Album of the Week: An artist who emotes through his rhymes, but with a chip on his shoulder the size of a boulder, Millyz is the hottest rapper out of Boston right now (and certainly fits the mold of what a Bostonian is.) His album Holy Water is worth your time.
I was having a conversation with a college friend at dinner recently (shout out Banyan - we need sponsors because Dunks won't answer my calls) about who the most famous rapper out of the 617 was and we reluctantly settled on Benzino. Let's hope Millyz can do better than that.

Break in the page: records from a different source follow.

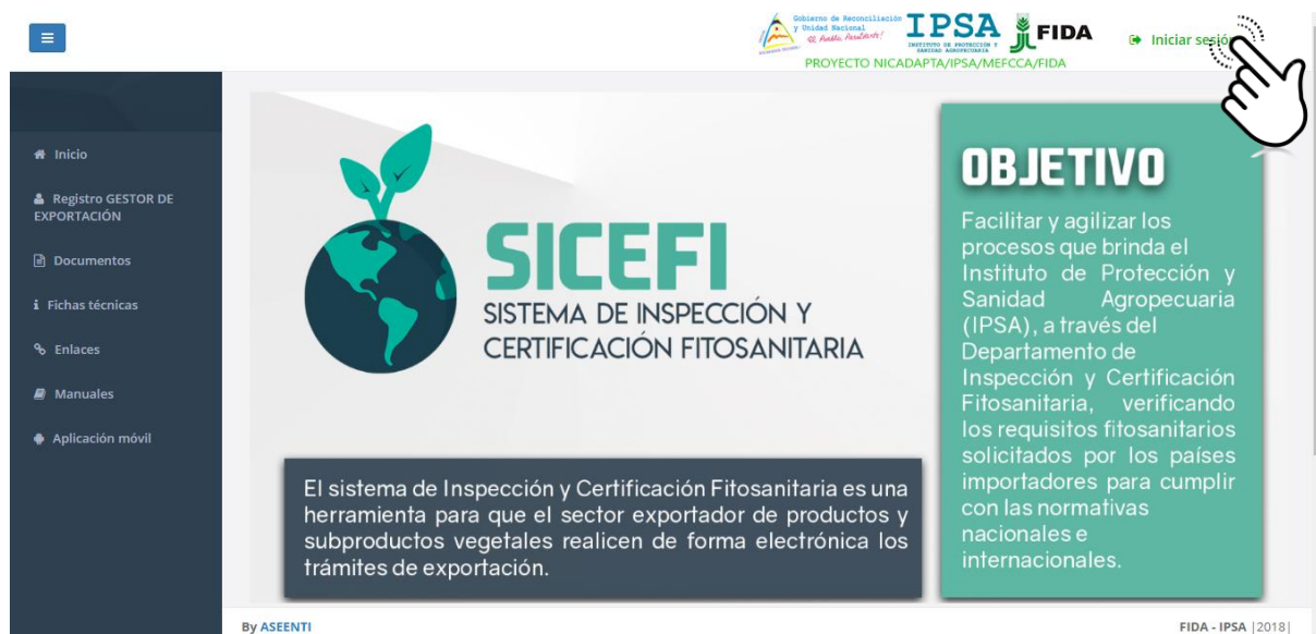
Figura 1. Página principal del sitio web público del sistema SICEFI.
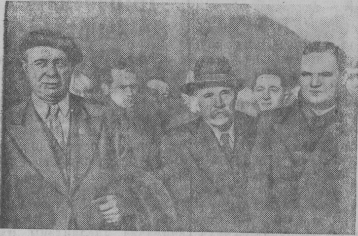
Снимок ылын: (шугьгалавсьянь веськытлань): Андрэ Марти, Марсель Капел, Морис Торез панталаны боецезэс Парижись вокзалын.

Республиканскэй Испаниясь Францияэ локтисэ интернациональнэй бригадаись боецез.
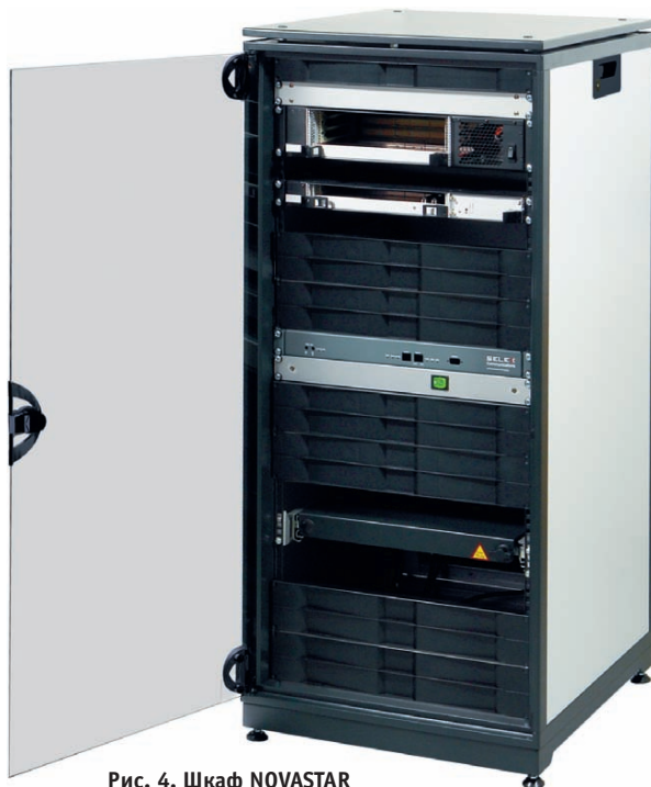
Рис. 4. Шкаф NOVASTAR
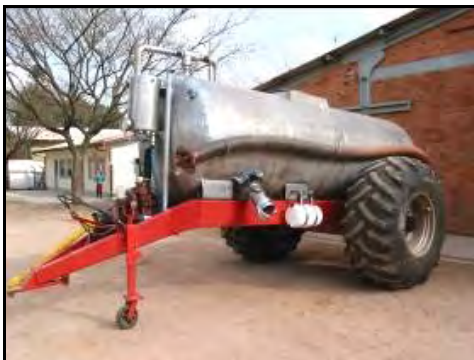
Figura 19.- Equipo que se utiliza para esparcir el biofertilizante. Obsérvese que el tanque es de acero inoxidable, de plástico no resistiría la presión. La capacidad operativa de este equipo es de 10 ha por día.

Según los análisis químicos que realizó Jan Haasjes de los efluentes de su granja y los valores que encontró luego de una revisión bibliográfica sobre el contenido de nutrientes de efluentes de distintas granjas similares al sistema que él utiliza, los valores promedio con los que se maneja son: Nitrógeno: 6.8 kg/m 3 , Fósforo: 3.03 kg/m 3 y Potasio: 2.52 kg/m 3 . Estos valores son del efluente antes del ingreso al digestor. El contenido de fósforo y potasio no cambian la concentración luego del proceso de biodigestión, el nitrógeno cambia la concentración pero, según comenta, muy poco.
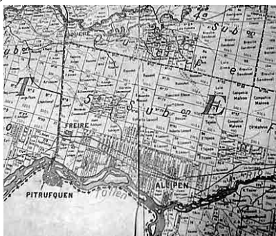
Figura 1. “Carta general de colonización de la Provincia de Cautín” 8
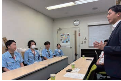
職場の課題について意見交換
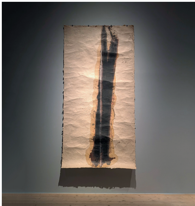
Claes Hake, Ett streck , 2001

”Papper. Jag är pappersfreak. Det här arket kommer från ett handpappersbruk i Nepal. Materialet, det enklast tänkbara – pigment, kol, jordfärger. Som bindemedel, torkade bladlöss (koschenill) upplösta i sprit.”
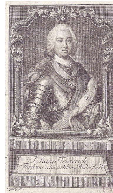
Johann Frdrich Fürst zu Schwarzburg-Rudolstadt, Kupferstich von Johann Christoph Sysang nach einem Gemälde von Johann Christoph Morgenstern
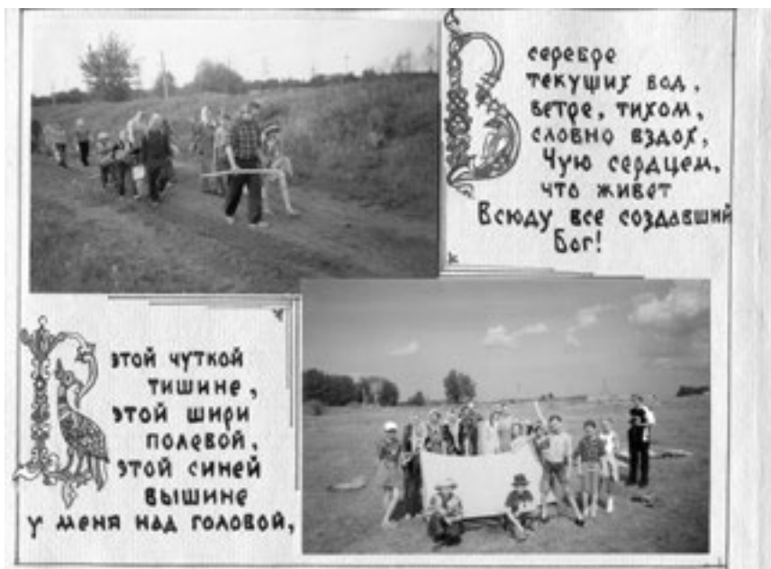
Страница из альбома-летописи воскресной школы, 2005 год

"Last Time" is a great introduction to Millyz - slow, soul-bearing, showing off the raspy, almost whiny, voice in his bars. "Signature" has a solid hook and good feature from Fivio Foreign. "Soul Bleed" has a haunting piano that adds to the catharsis. "Kobe Season" is that energetic Millyz that shines through on the album with that chipmunk soul sample this newsletter is always a sucker for.
Quote of the Week: “Either you run the day or the day runs you.“ - Jim Rohn
Editors Note on AI Images: This newsletter has ceased freeloading on their work license and now has access to OpenAI Plus, which allows for a more conversational discussion for image generation. While this helps refine the images, it disallows a simple prompt to be in the alt text.